§ **Work instruction**
When you write out the material, keep every line exactly as it is.

§ **Data**
· · · · ·

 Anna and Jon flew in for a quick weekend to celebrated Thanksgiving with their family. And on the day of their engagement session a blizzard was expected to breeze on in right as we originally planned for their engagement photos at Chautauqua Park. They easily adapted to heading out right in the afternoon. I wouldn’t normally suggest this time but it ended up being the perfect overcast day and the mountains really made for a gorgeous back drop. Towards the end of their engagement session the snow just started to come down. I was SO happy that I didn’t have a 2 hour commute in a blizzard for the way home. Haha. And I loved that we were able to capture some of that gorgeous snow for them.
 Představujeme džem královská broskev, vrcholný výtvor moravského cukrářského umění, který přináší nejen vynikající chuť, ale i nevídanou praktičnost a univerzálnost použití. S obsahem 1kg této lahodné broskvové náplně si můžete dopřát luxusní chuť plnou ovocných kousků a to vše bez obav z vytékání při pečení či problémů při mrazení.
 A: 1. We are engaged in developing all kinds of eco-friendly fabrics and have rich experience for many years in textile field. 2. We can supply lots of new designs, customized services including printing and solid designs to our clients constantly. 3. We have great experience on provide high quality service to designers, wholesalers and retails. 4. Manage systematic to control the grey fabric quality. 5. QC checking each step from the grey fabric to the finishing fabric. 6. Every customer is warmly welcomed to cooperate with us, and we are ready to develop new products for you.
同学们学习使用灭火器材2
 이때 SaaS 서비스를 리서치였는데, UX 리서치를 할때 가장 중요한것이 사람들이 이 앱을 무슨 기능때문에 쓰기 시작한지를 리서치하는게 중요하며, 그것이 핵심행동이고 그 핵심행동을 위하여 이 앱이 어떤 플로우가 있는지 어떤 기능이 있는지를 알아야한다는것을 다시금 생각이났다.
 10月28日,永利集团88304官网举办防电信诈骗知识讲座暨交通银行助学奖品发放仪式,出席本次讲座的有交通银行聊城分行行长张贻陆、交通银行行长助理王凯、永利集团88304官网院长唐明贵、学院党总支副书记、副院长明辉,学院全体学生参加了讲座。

· · · · ·

§ **Response box**
 Anna and Jon flew in for a quick weekend to celebrated Thanksgiving with their family. And on the day of their engagement session a blizzard was expected to breeze on in right as we originally planned for their engagement photos at Chautauqua Park. They easily adapted to heading out right in the afternoon. I wouldn’t normally suggest this time but it ended up being the perfect overcast day and the mountains really made for a gorgeous back drop. Towards the end of their engagement session the snow just started to come down. I was SO happy that I didn’t have a 2 hour commute in a blizzard for the way home. Haha. And I loved that we were able to capture some of that gorgeous snow for them.
 Představujeme džem královská broskev, vrcholný výtvor moravského cukrářského umění, který přináší nejen vynikající chuť, ale i nevídanou praktičnost a univerzálnost použití. S obsahem 1kg této lahodné broskvové náplně si můžete dopřát luxusní chuť plnou ovocných kousků a to vše bez obav z vytékání při pečení či problémů při mrazení.
 A: 1. We are engaged in developing all kinds of eco-friendly fabrics and have rich experience for many years in textile field. 2. We can supply lots of new designs, customized services including printing and solid designs to our clients constantly. 3. We have great experience on provide high quality service to designers, wholesalers and retails. 4. Manage systematic to control the grey fabric quality. 5. QC checking each step from the grey fabric to the finishing fabric. 6. Every customer is warmly welcomed to cooperate with us, and we are ready to develop new products for you.
同学们学习使用灭火器材2
 이때 SaaS 서비스를 리서치였는데, UX 리서치를 할때 가장 중요한것이 사람들이 이 앱을 무슨 기능때문에 쓰기 시작한지를 리서치하는게 중요하며, 그것이 핵심행동이고 그 핵심행동을 위하여 이 앱이 어떤 플로우가 있는지 어떤 기능이 있는지를 알아야한다는것을 다시금 생각이났다.
 10月28日,永利集团88304官网举办防电信诈骗知识讲座暨交通银行助学奖品发放仪式,出席本次讲座的有交通银行聊城分行行长张贻陆、交通银行行长助理王凯、永利集团88304官网院长唐明贵、学院党总支副书记、副院长明辉,学院全体学生参加了讲座。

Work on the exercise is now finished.